31. We support strengthening the WTO through improving the way it conducts its regular business, and its dispute settlement system. We also direct our representatives to further discussions on challenges and opportunities for the multilateral trading system in a globalized economy.
Strengthening the international financial architecture
32. We recognize the importance of effective global and regional safety nets. We welcome the firm commitments to increase the resources available to the IMF. This is the result of a broad international cooperative effort that includes a significant number of countries. The commitments exceed $450 billion and are in addition to the quota increase under the 2010 Reform. These resources will be available for the whole membership of the IMF, and not earmarked for any particular region. These resources, which qualify as reserve assets, would be channeled through bilateral loans and investments such as note purchase agreements to the IMFs General Resources Account under the modalities which have been approved by the IMF Executive Board. This effort shows the G20 and the international communitys commitment to take the steps needed to safeguard global financial stability and enhance the IMFs role in crisis prevention and resolution.

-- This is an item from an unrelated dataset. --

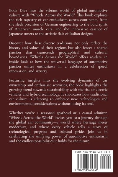 Dive into the vibrant world of global automotive culture with "Wheels Across the World". This book explores the rich tapestry of car enthusiasm across continents, from the sleek precision of German engineering to the bold spirit of American muscle cars, and the innovative essence of Japanese tuners to the artistic flair of Italian designs. Discover how these diverse traditions not only reflect the history and values of their regions but also foster a shared passion that transcends geographical and cultural boundaries. "Wheels Across the World" offers readers an inside look at how the universal language of automotive passion unites enthusiasts in a celebration of speed, innovation, and artistry. Featuring insights into the evolving dynamics of car ownership and enthusiast activities, the book highlights the growing trend towards sustainability with the rise of electric vehicles and hybrid technology. It showcases how traditional car culture is adapting to embrace new technologies and environmental considerations without losing its soul. Whether you're a seasoned gearhead or a casual admirer, "Wheels Across the World" invites you to a journey through the global car community-a world where heritage meets modernity, and where every vehicle tells a story of technological progress and cultural pride. Join us in celebrating the unifying power of automotive enthusiasm and the endless possibilities it holds for the future.

33. We reaffirm our commitment to implement in full the 2010 Quota and Governance Reform by the agreed date of the 2012 IMF/World Bank Annual Meetings. These reforms are crucial to enhancing the IMFs legitimacy, relevance and effectiveness, and will support efforts to further strengthen Fund surveillance and to ensure that the IMF is adequately resourced to play its systemic role. As part of these reforms, we are committed to completing the comprehensive review of the quota formula, to address deficiencies and weaknesses in the current quota formula, by January 2013 and to complete the next general review of quotas by January 2014. We agree that the formula should be simple and transparent, consistent with the multiple roles of quotas, result in calculated shares that are broadly acceptable to the membership, and be feasible to implement based on timely, high quality and widely available data. We reaffirm that the distribution of quotas based on the formula should better reflect the relative weights of IMF members in the world economy, which have changed substantially in view of strong GDP growth in dynamic emerging markets and developing countries. We reaffirm the importance of continuing to protect the voice and representation of the poorest members of the IMF. We ask our Finance Ministers and Central Bank Governors to review progress on this issue when they meet in November.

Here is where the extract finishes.